Within the embedding space, can we identify the similarity of words? We want to see if words that have similar embedding-vectors also have similar meanings. Similarity of embedding-vectors can be measured by different metrics, e.g. Euclidean distance or cosine distance.

In [168]:
# Helper function to help produce similarity based on their cosine
def print_sorted_words(word, metric='cosine'):
    """
    Print the words in the vocabulary sorted according to their
    embedding-distance to the given word.
    Different metrics can be used, e.g. 'cosine' or 'euclidean'.
    """

    # Get the token (i.e. integer ID) for the given word.
    token = tokenizer.word_index[word]

    # Get the embedding for the given word. Note that the
    # embedding-weight-matrix is indexed by the word-tokens
    # which are integer IDs.
    embedding = weights_embedding[token]

    # Calculate the distance between the embeddings for
    # this word and all other words in the vocabulary.
    distances = cdist(weights_embedding, [embedding],
                      metric=metric).T[0]
    
    # Get an index sorted according to the embedding-distances.
    # These are the tokens (integer IDs) for words in the vocabulary.
    sorted_index = np.argsort(distances)
    
    # Sort the embedding-distances.
    sorted_distances = distances[sorted_index]
    
    # Sort all the words in the vocabulary according to their
    # embedding-distance. This is a bit excessive because we
    # will only print the top and bottom words.
    sorted_words = [inverse_map[token] for token in sorted_index
                    if token != 0]

    # Helper-function for printing words and embedding-distances.
    def _print_words(words, distances):
        for word, distance in zip(words, distances):
            print("{0:.3f} - {1}".format(distance, word))

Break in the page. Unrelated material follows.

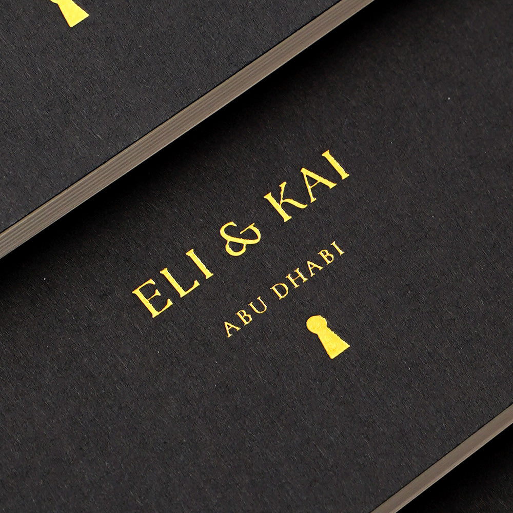 Cover: Black matte rigid card, gold-embossed Eli & Kai

    # Number of words to print from the top and bottom of the list.
    k = 10

    print("Distance from '{0}':".format(word))

    # Print the words with smallest embedding-distance.
    _print_words(sorted_words[0:k], sorted_distances[0:k])

    print("...")

    # Print the words with highest embedding-distance.
    _print_words(sorted_words[-k:], sorted_distances[-k:])

**Let us print the words that are near and far from the word 'great' in terms of their vector-embeddings. Note that these may change each time you train the model.**

In [169]:
print_sorted_words('great', metric='cosine')

Distance from 'great':
0.000 - great
0.007 - touch
0.008 - complain
0.009 - dwarf
0.009 - businessman
0.015 - greatest
0.015 - refreshing
0.015 - denver
0.016 - theatres
0.016 - wonderfully
...
1.978 - fiancã©e
1.979 - lame
1.979 - robbery
1.980 - supposed
1.981 - carole
1.981 - threw
1.982 - wasted
1.982 - brainless
1.987 - weirdness
1.987 - cheap


**Tips on how to improve this kind of model when using Keras/Tensorflow**
1. Run more training-epochs. Does it improve performance?
2. If the model overfits the training-data, try using dropout-layers and dropout inside the GRU.
3. Increase or decrease the number of words in the vocabulary. This is done when the Tokenizer is initialized. Does it affect performance?
4. Increase the size of the embedding-vectors to e.g. 200. Does it affect performance?
5. Try varying all the different hyper-parameters for the Recurrent Neural Network.
6. Use 'post' for padding and truncating in pad_sequences(). Does it affect the performance?
7. Use individual characters instead of tokenized words as the vocabulary. You can then use one-hot encoded vectors for each character instead of using the embedding-layer.
8. Use model.fit_generator() instead of model.fit() and make your own data-generator, which creates a batch of data using a random subset of x_train_tokens. The sequences must be padded so they all match the length of the longest sequence.